Mr Stevens, who took up post last April, said: ‘Obesity is the new smoking, and it represents a slow-motion car crash in terms of avoidable illness and rising health care costs.

‘If as a nation we keep piling on the pounds around the waistline, we'll be piling on the pounds in terms of future taxes needed just to keep the NHS afloat.’

The problem with this is that it simply is not true. Obesity does not cost the NHS money: on balance it saves it. This is something we've been pointing out for a number of years now. The source is here and the finding is:

Obesity is a major cause of morbidity and mortality and is associated with high medical expenditures. It has been suggested that obesity prevention could result in cost savings. The objective of this study was to estimate the annual and lifetime medical costs attributable to obesity, to compare those to similar costs attributable to smoking, and to discuss the implications for prevention. …. Although effective obesity prevention leads to a decrease in costs of obesity-related diseases, this decrease is offset by cost increases due to diseases unrelated to obesity in life-years gained. Obesity prevention may be an important and cost-effective way of improving public health, but it is not a cure for increasing health expenditures.

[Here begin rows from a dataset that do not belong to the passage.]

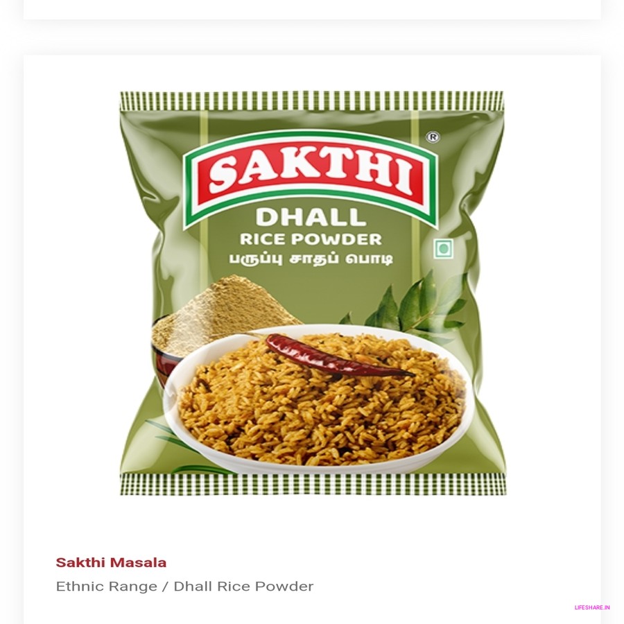 Prepared using high-quality ingredients such as Bengal gram dal, black gram dal, red chilies, curry leaves, asafoetida, and salt, Sakthi Dhall Rice Powder is roasted and ground to perfection to retain its freshness and taste. It is completely vegetarian and free from artificial flavors, preservatives, and added colors.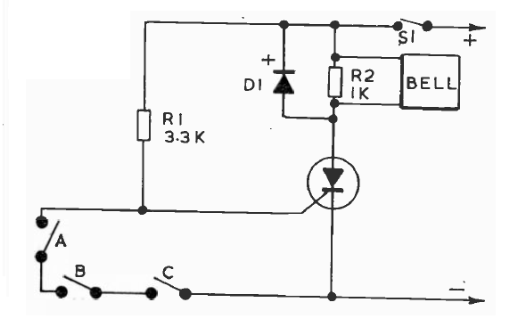 This is one of the many versions we have of this alarm on our website. It was found in an English documentation. R1 can be up to 100k for lower circuit consumption. The number of sensors can be increased.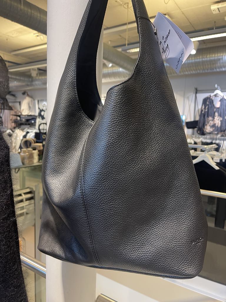 Lekker skinn veske med bred skulder rem. foret inni med en lomme med glidelås. magnet på toppen som lukker vesken.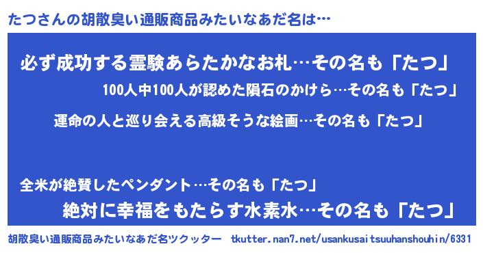 | ヒーロー風カッコイイあだ名 | 『ウルトラたつマン』『スーパータツ』 |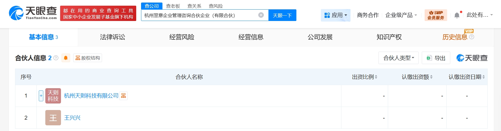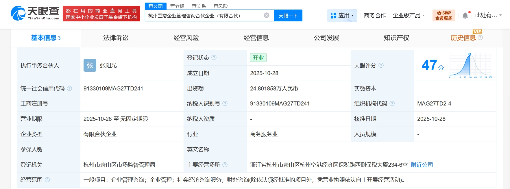 雷达财经讯,天眼查App显示,近日,杭州翌意企业管理咨询合伙企业(有限合伙)成立,执行事务合伙人为张阳光,出资额约24.8万人民币,经营范围为企业管理咨询、企业管理、社会经济咨询服务、财务咨询。合伙人信息显示,该企业由王兴兴及名下杭州天则科技有限公司共同出资。

When someone's arteries explode at the age of 60 from that 15 cheeseburger a day habit then the NHS doesn't have to pay for another 25 years' worth of hip replacements. This saves the system money as a result of the shorter lifespan.

This is well known: and yet we have the CEO of the NHS telling us the opposite. And further, he's demanding public action that he should know will make his financial problems worse, not better.

All of which leaves us with that essential question: how did we end up being ruled by the ignorant?